I sit up straighter in the chair, which is hard to do because the very nature of these apparatuses is to have you lie back. “I’m from Chicago,” I say. “My husband is the son of Ed Havey.”


“That’s right. I knew that.” The voice pulls at something in me.


“You did?”


He doesn’t answer me. He continues to read the chart. I want to turn around and look at him, but that wouldn’t be proper. He’ll get to me and check my teeth soon enough.


And then he says, “So do they still call you Beth.”


Now something moves in me. My heart jumps, quivers. The way he asks it—it’s not really a question. And the word Beth in his mouth—it feels different, to hear it, a resonance or some other context that I’ve never heard before with the sound of my name.

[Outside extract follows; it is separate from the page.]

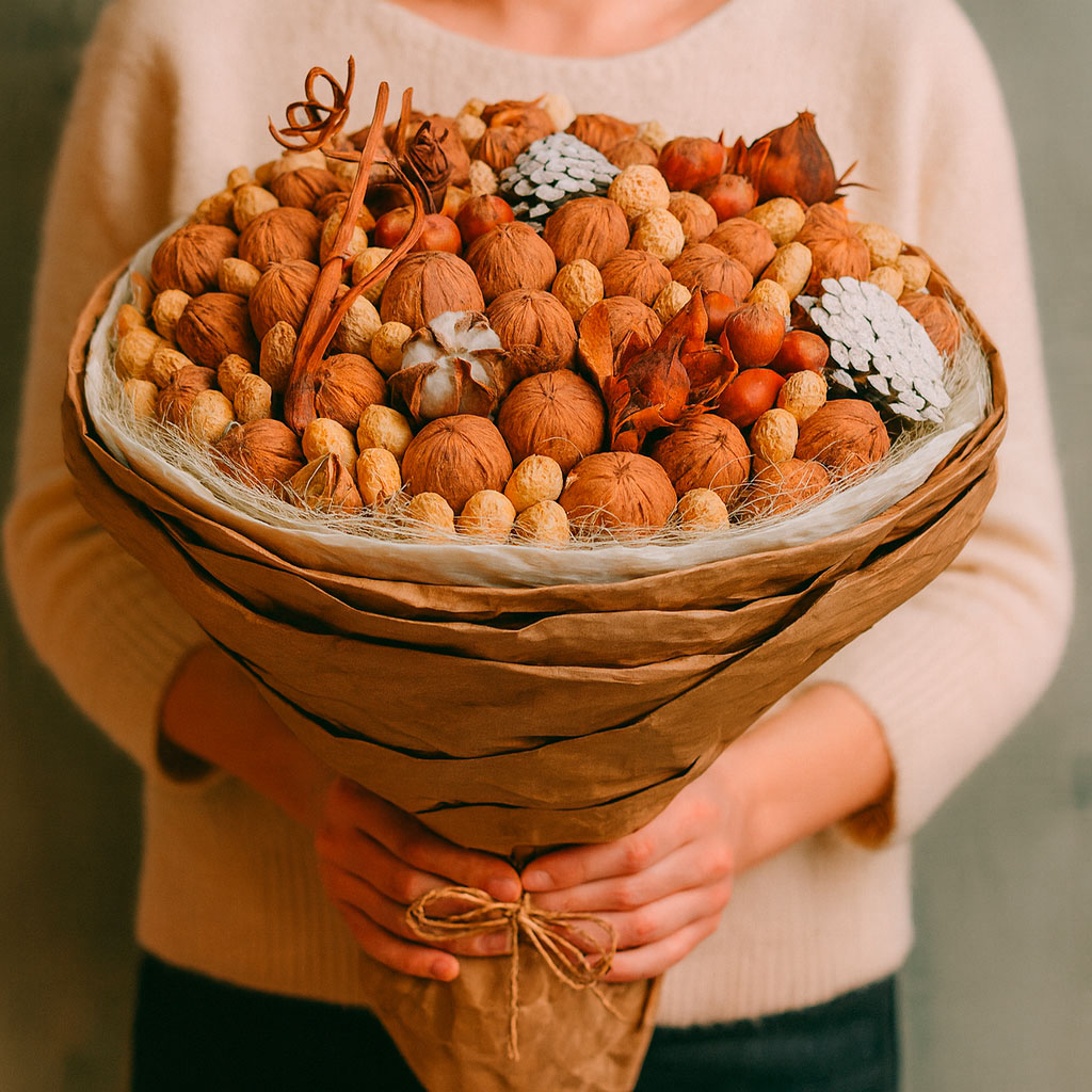 Грецкие орехи, арахис, миндаль и фундук создают изысканную композицию, дополненную хлопком и декоративными ветками. Букет оформлен в натуральную крафт-бумагу, подчеркивающую его природную красоту. Возможны альтернативы упаковки: матовая плёнка или декоративная сетка. Прекрасный выбор для коллеги на корпоративное мероприятие или для любимой на годовщину.

I hurry to answer. “Yes. I love my given name, Elizabeth, like in the chart, but yes, everyone calls me Beth.” My other dentist must have it written down somewhere. Nickname, Beth.


“And I see you’re a nurse. I’m so happy to see that. I would have thought you would be influenced by your mother’s sisters—be a teacher or at least write.”


His voice is leading me. It demands that I answer even though these are not the questions that a replacement dentist would ask. Maybe I briefly decide he knew my people back in Chicago. Maybe I don’t. “I’m not practicing nursing right now. I actually am writing. And I was a teacher. That was my first job. But I taught English. Like they did. Like my oldest brother, John. He teaches at Georgetown. He’s a PhD. A published author.”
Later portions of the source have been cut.